__Instructions for the task__. Take the line containing "14 ayar altından" and each line after it through the end of the data below, and return them exactly, minus any pictures.
== Data below
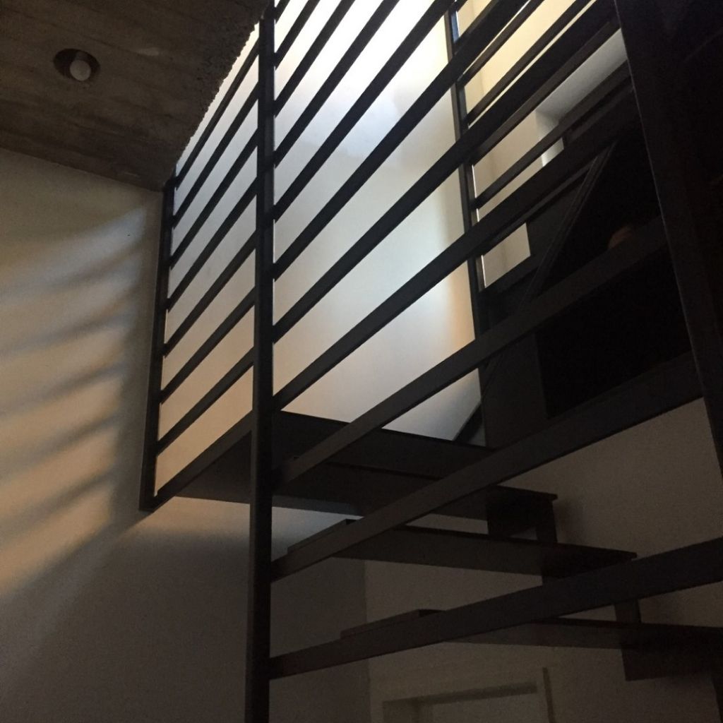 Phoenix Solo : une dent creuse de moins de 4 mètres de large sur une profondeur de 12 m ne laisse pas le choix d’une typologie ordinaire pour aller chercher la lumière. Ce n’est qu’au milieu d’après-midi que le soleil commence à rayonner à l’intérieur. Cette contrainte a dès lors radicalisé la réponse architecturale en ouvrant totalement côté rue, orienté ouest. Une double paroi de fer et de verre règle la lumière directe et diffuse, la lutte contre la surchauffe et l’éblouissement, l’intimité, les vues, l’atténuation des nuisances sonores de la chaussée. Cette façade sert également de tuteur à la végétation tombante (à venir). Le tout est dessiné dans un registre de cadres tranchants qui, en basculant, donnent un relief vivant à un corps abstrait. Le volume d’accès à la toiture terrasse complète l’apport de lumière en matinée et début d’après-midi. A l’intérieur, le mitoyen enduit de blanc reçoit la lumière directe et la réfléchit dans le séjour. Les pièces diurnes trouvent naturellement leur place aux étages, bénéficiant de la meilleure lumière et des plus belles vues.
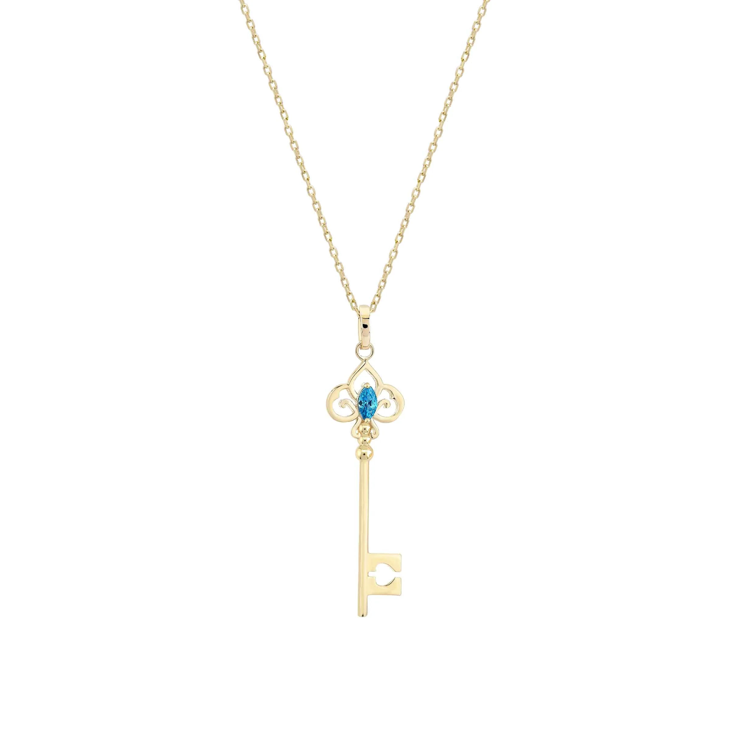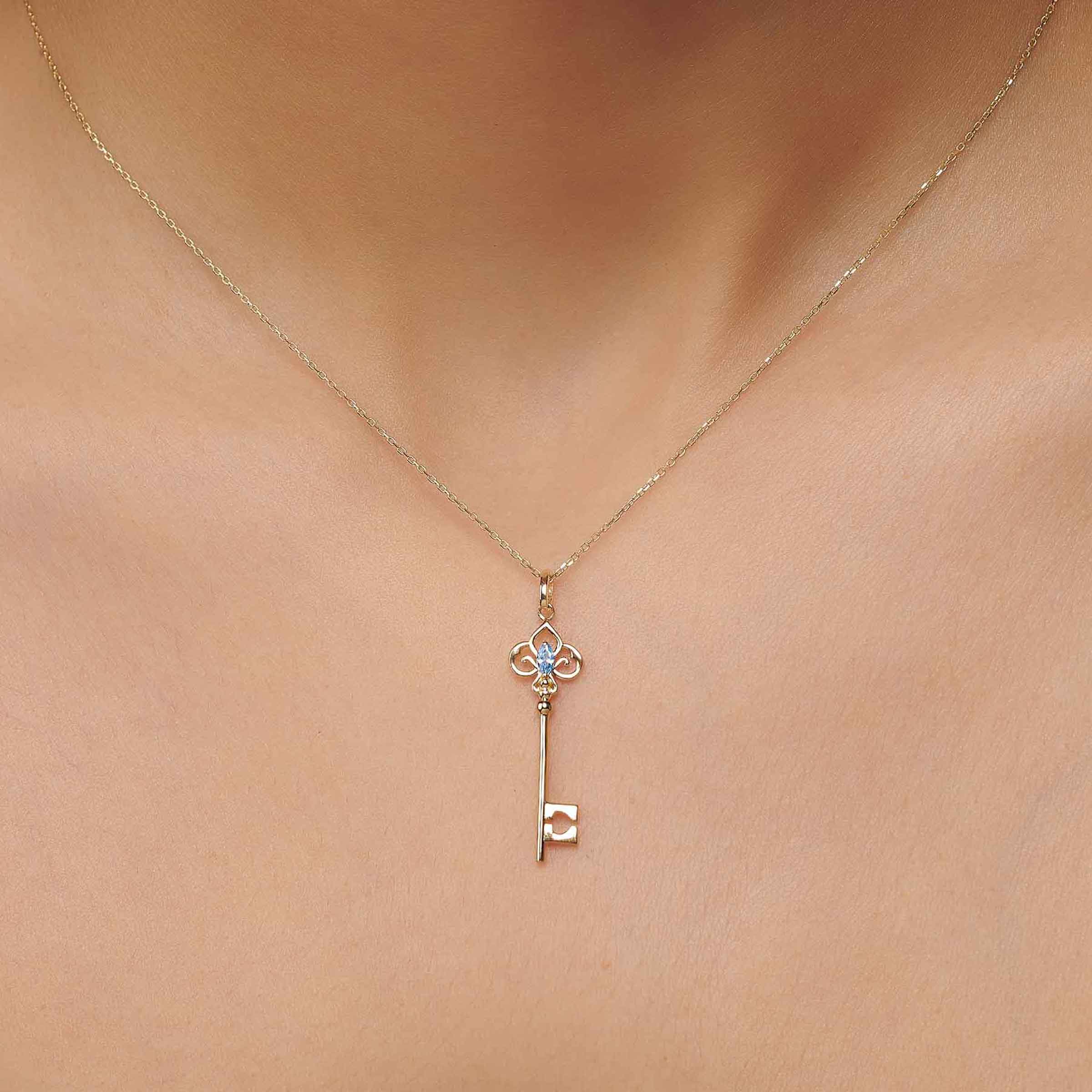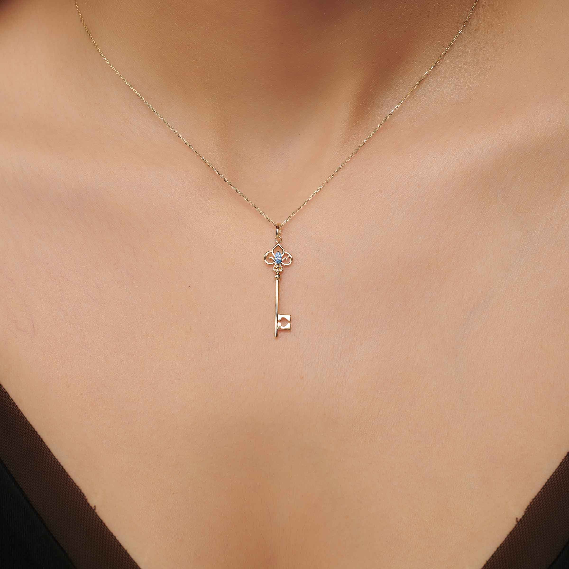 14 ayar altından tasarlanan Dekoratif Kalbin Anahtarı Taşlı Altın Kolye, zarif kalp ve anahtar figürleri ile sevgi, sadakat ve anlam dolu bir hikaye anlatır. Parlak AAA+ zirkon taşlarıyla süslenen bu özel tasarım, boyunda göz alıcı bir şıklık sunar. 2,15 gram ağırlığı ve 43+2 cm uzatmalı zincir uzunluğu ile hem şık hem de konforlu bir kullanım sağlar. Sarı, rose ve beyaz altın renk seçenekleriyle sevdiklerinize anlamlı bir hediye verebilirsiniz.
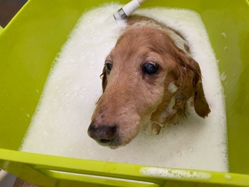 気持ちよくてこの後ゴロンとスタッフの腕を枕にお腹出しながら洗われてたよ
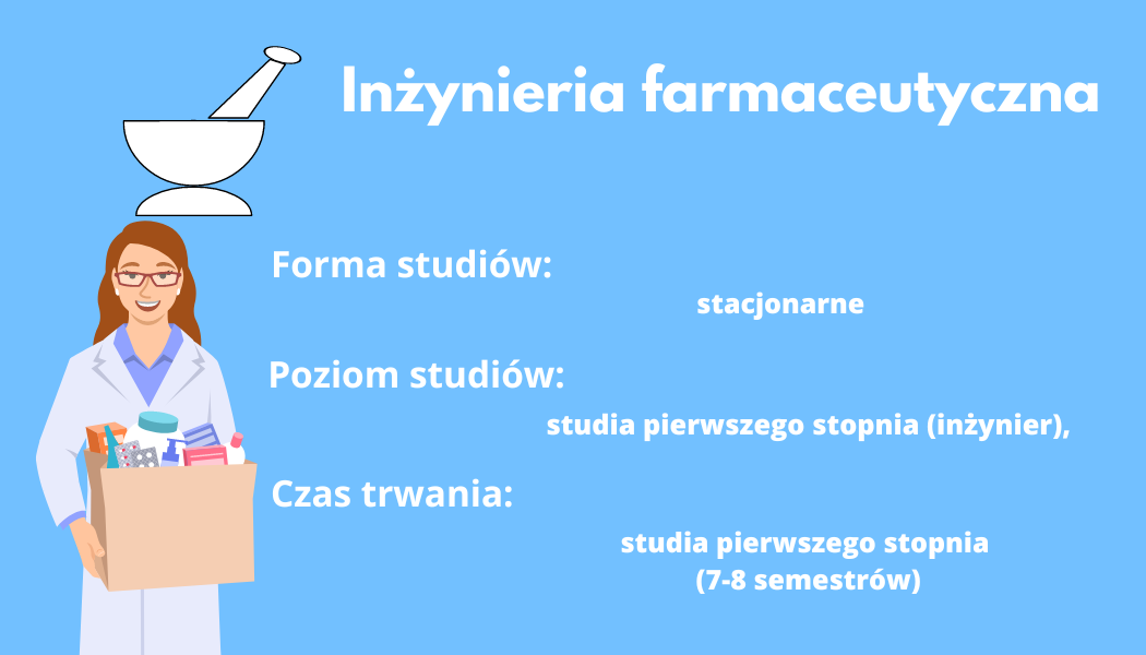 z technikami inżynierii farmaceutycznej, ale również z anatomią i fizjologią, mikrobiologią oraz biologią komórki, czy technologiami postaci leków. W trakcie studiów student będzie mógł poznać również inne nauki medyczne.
====
__The completed task__.
 14 ayar altından tasarlanan Dekoratif Kalbin Anahtarı Taşlı Altın Kolye, zarif kalp ve anahtar figürleri ile sevgi, sadakat ve anlam dolu bir hikaye anlatır. Parlak AAA+ zirkon taşlarıyla süslenen bu özel tasarım, boyunda göz alıcı bir şıklık sunar. 2,15 gram ağırlığı ve 43+2 cm uzatmalı zincir uzunluğu ile hem şık hem de konforlu bir kullanım sağlar. Sarı, rose ve beyaz altın renk seçenekleriyle sevdiklerinize anlamlı bir hediye verebilirsiniz.
 気持ちよくてこの後ゴロンとスタッフの腕を枕にお腹出しながら洗われてたよ
 z technikami inżynierii farmaceutycznej, ale również z anatomią i fizjologią, mikrobiologią oraz biologią komórki, czy technologiami postaci leków. W trakcie studiów student będzie mógł poznać również inne nauki medyczne.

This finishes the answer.